We miss you everyday, miss you in every way
But we know there’s a day when we will hold you, we will hold you
And you’ll kiss our tears away, when we’re home to stay
We can’t wait for the day when we will see you, we will see you
But baby let sweet Jesus hold you, until mom and dad can hold you
You’ll just have heaven before we do
You’ll just have heaven before we do

I can’t imagine heaven’s lullabies
And what they must sound like
But I will rest in knowing
Heaven is your home
And it’s all you’ll ever know
All you’ll ever know

We miss you everyday, miss you in every way
But we know there’s a day when we will hold you, we will hold you
And you’ll kiss our tears away, when we’re home to stay
We can’t wait for the day when we will see you, we will see you
But baby let sweet Jesus hold you, until mom and dad can hold you
You’ll just have heaven before we do
You’ll just have heaven before we do
Yeah, you’ll just have heaven before we do
Before we do

 

THERE ARE NO ANSWERS November 15, 2011

Nothing makes sense to me right now.  I know things in my head but my heart does not comprehend.  Everything I believe has come in to question.  But my spirit knows the truth and though I lost my way (temporarily) I know my way back.  I could allow bitterness to take root, but I refuse to.  My heart is still His.

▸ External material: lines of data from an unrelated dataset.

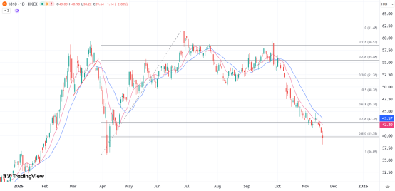 ATFX港股:小米集团(01810)昨日公布第三季度业绩,电动汽车及AI等创新业务首次实现单季经营盈利成为亮点,经调整净利润同比大增80.9%创新高,业绩整体超市场预期。不过今日小米股价低开低走,技术面处于尝试寻底的状态。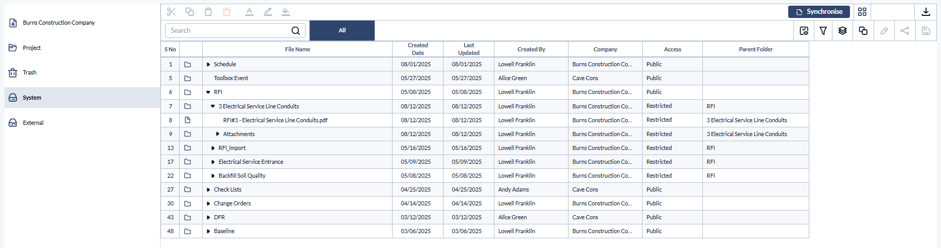The System Drive in the file repository provides an automated solution for archiving successfully closed and published project documents such as submittals, RFIs, and daily reports.
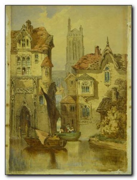 | Flemish canal scene with figures on small boats amongst houses, with Cathedral | |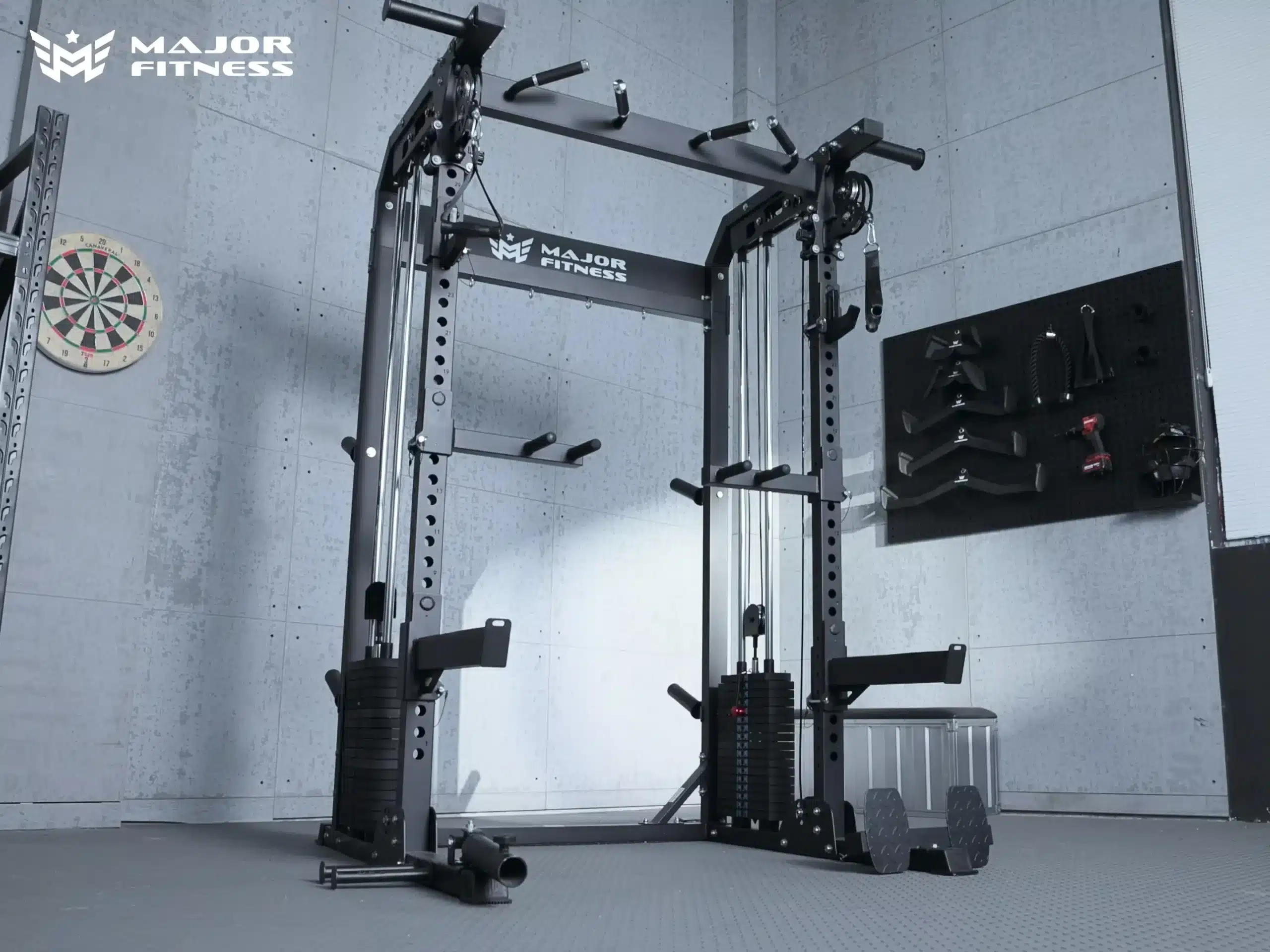 The Major Fitness F22 combines a Smith machine, power rack, and dual cable system in a single unit. It holds 1,000 pounds on J-hooks, 700 pounds on safety arms, and 300 pounds per cable side. That’s enough capacity for serious lifting with room to grow.
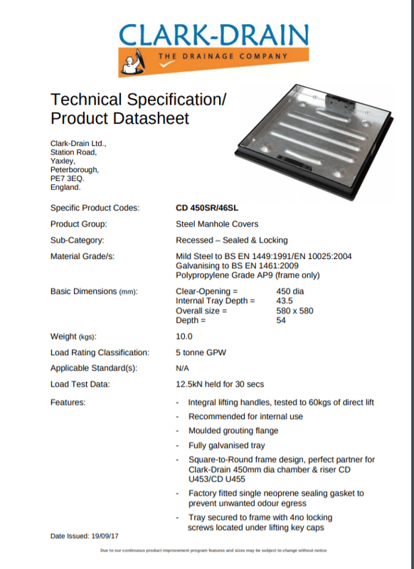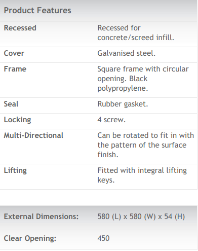 Recessed Cover and Frame - Square Frame with Circular Opening - Pedestrian Areas - 450 Diameter - CD-CD450SR/46SL - (HP)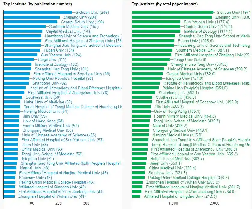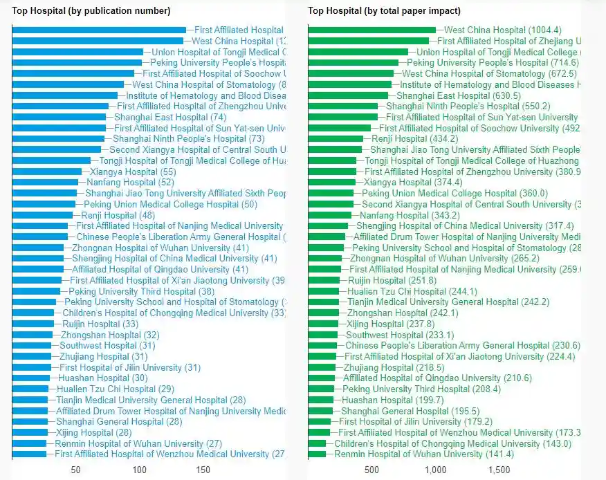 中国干细胞研究活跃的医院:中国浙江大学附属第一医院以发表干细胞相关研究论文137篇,位居近年来发文数量第一的医院;四川大学附属华西医院135篇、华中科技大学同济医学院附属协和医院103篇、北京大学人民医院102篇、苏州大学附属第一医院96篇、四川大学华西口腔医院88篇等都是发表论文较多的医院。而四川大学附属华西医院是发文影响力最大的医院。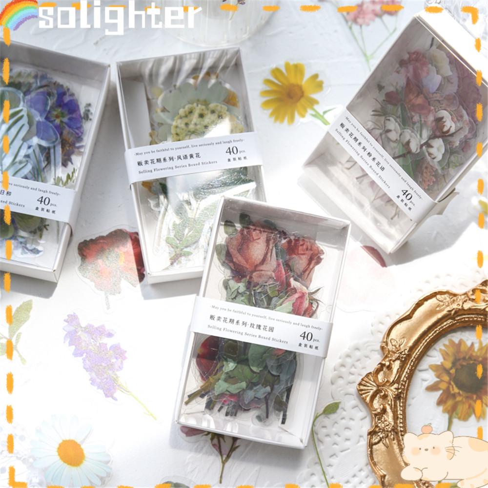 Detail Solighter 40pcs/box Stiker Bunga Dekorasi Jurnal Diary Vintage

I saw this quote (based on Colossians 1:15) on Facebook today and I know I was meant to see it:  You were made by God and for God and until you understand that, life will never make sense.  

Andrew was made BY God and FOR God.  Though I desperately want his life to be here with me, he’s not here.  But God still made him.  Somehow, there is comfort knowing that Andrew was made for Him.  I don’t know his purpose, but his brief life meant something.

Maybe this will help bring me some level of acceptance…

 

Another truth I know-the devil cannot take what I freely give.

So as much as it hurts and as much as it’s not what I want-Lord, I give baby Andrew to you. 

He is yours now, to keep and to love.  

 

NEXT BREATH November 12, 2011

When I think there are no more tears; I find them.

I’m in a pit of despair and I cannot find reason to crawl out.

I wish there was no air to breath.

I feel the heavy weight of grief upon on my chest-pressing down on me.  It’s nearly impossible for me to inhale.

I want sleep to come-to somehow escape the pain.

But sleep evades me.

My arms scream for a baby I cannot hold!

My womb is as empty as my heart.

I don’t know how to endure.

I don’t know how to take the next breath…

 

BROKEN November 11, 2011

(Click link to view):  Broken by Lifehouse

I have no words to write or speak right now but this song somehow helps me.  I’m stripped.  Undone.  Broken.